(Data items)
[Start of section]

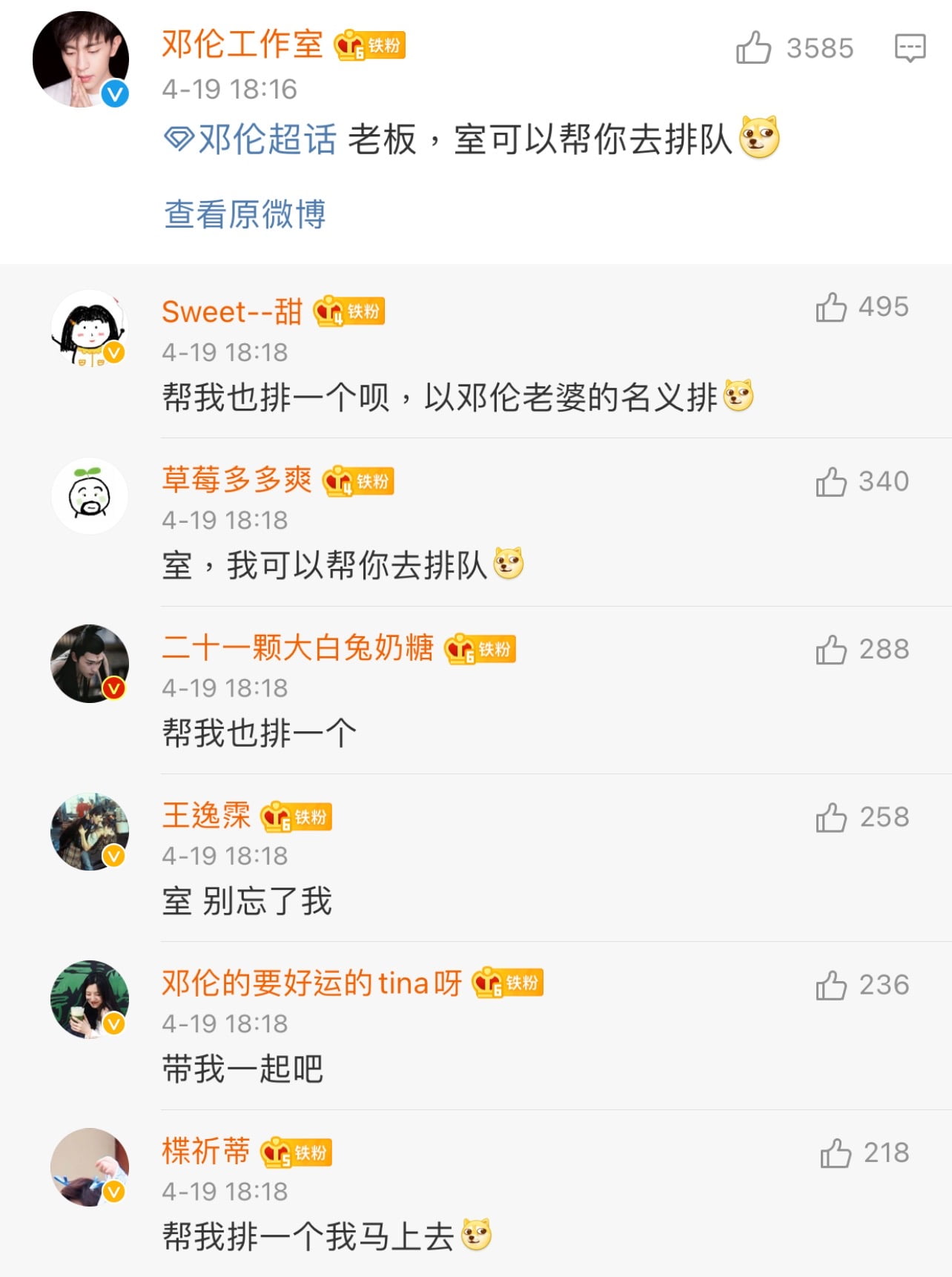 對比之下,鄧倫工作室的職員顯然比較懂得社畜生存之道,立刻回覆老闆貼文表示:「老闆,室可以幫你去排隊!」引來一堆粉絲回覆也要小室代排!哈哈哈哈哈!
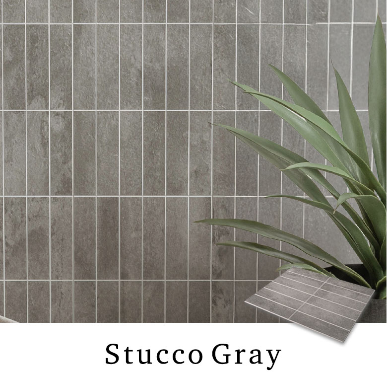 自然な風合いのスタッコ調テクスチャ。不均一な凹凸感が塗り壁風のラフな質感をリアルに再現。落ち着きのあるグレーカラーが空間に洗練された印象を与え、モダンにも
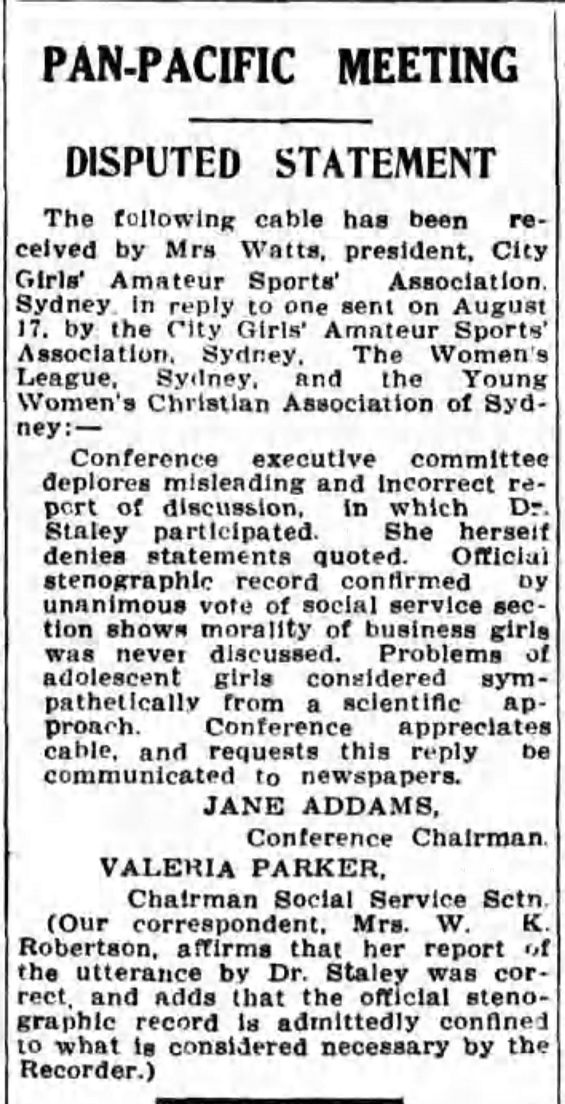 Jane Addams and Valeria Hopkins Parker to Margaret Watts, August 20, 1928
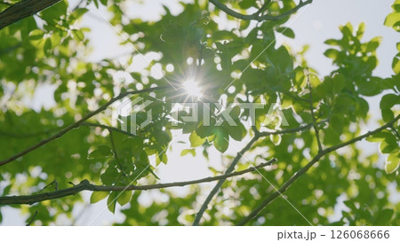 The enchanting beauty of sunlight streaming through the lush green leaves all around
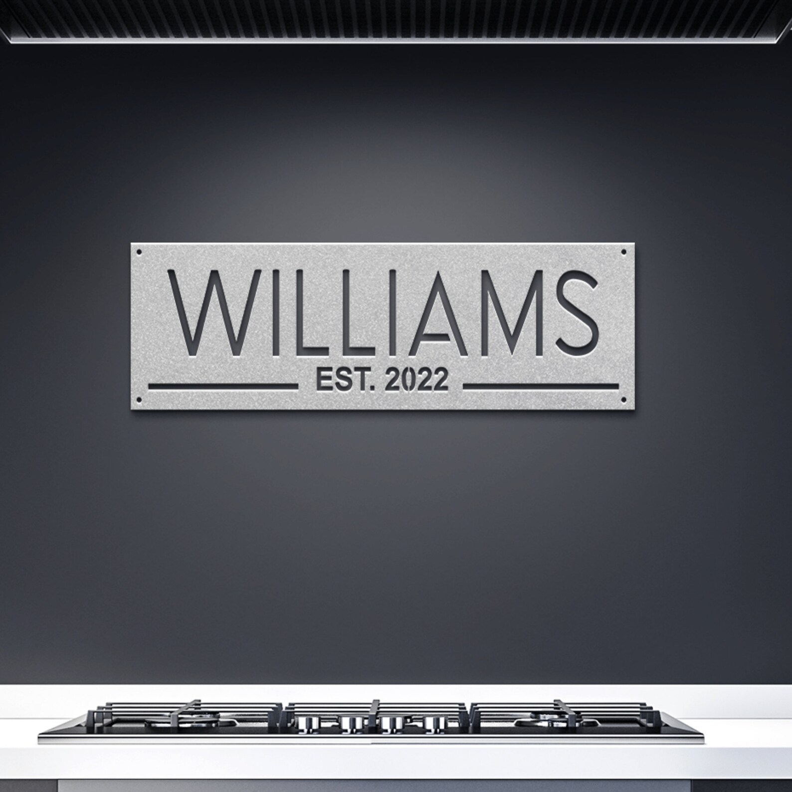 Our metal wall art is an impressive way to personalize any space in your home. This is the perfect gift for yourself or a loved one; laser-cut from 18-Gauge High-Quality steel, powder coated in your choice of 5 colors, and beautifully cut and etched with your family name.
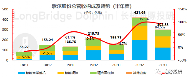 歌爾股份2021年上半年總營收302.88億元,同比增長94.5%。
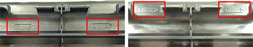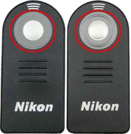 左側:模倣品(ボタン周辺の凸部分がはっきりしていない、本体部分の色が異なる等)
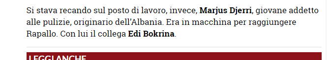 Edhe pse nuk është konfirmuar zyrtarisht nga autoritet apo dhe nga ambasada shqiptare në Itali, mediat italiane shkruajnë për të rinjtë shqiptarë të përfshirë në shembjen tragjike të urës në Xhenova të Italisë.
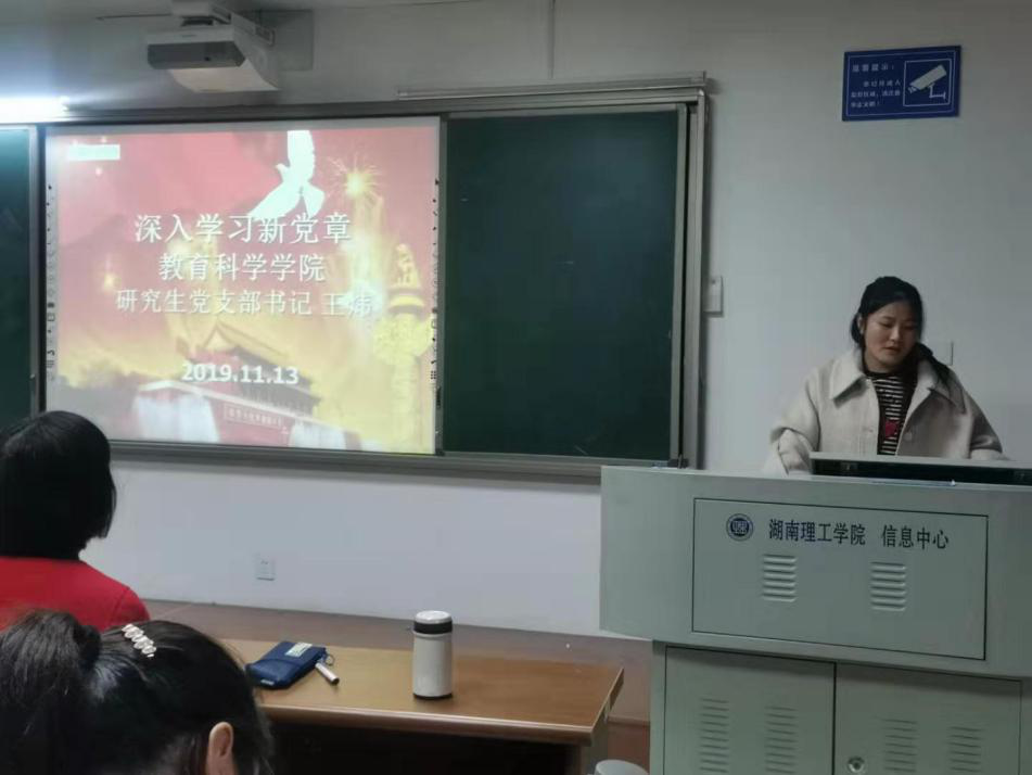 11月13日下午,教育科学学院“不忘初心、牢记使命”主题教育党课在12教学楼12405教室举行。党课由学院研究生党支部书记王炜同志主讲,2019级教育管理专业全体研究生党员参加。

[End of section]

== WORK TO BE COMPLETED ==
With no pictures included, write out the entries exactly.

== YOUR SOLUTION ==
 對比之下,鄧倫工作室的職員顯然比較懂得社畜生存之道,立刻回覆老闆貼文表示:「老闆,室可以幫你去排隊!」引來一堆粉絲回覆也要小室代排!哈哈哈哈哈!
 自然な風合いのスタッコ調テクスチャ。不均一な凹凸感が塗り壁風のラフな質感をリアルに再現。落ち着きのあるグレーカラーが空間に洗練された印象を与え、モダンにも
 Jane Addams and Valeria Hopkins Parker to Margaret Watts, August 20, 1928
 The enchanting beauty of sunlight streaming through the lush green leaves all around
 Our metal wall art is an impressive way to personalize any space in your home. This is the perfect gift for yourself or a loved one; laser-cut from 18-Gauge High-Quality steel, powder coated in your choice of 5 colors, and beautifully cut and etched with your family name.
 歌爾股份2021年上半年總營收302.88億元,同比增長94.5%。
 左側:模倣品(ボタン周辺の凸部分がはっきりしていない、本体部分の色が異なる等)
 Edhe pse nuk është konfirmuar zyrtarisht nga autoritet apo dhe nga ambasada shqiptare në Itali, mediat italiane shkruajnë për të rinjtë shqiptarë të përfshirë në shembjen tragjike të urës në Xhenova të Italisë.
 11月13日下午,教育科学学院“不忘初心、牢记使命”主题教育党课在12教学楼12405教室举行。党课由学院研究生党支部书记王炜同志主讲,2019级教育管理专业全体研究生党员参加。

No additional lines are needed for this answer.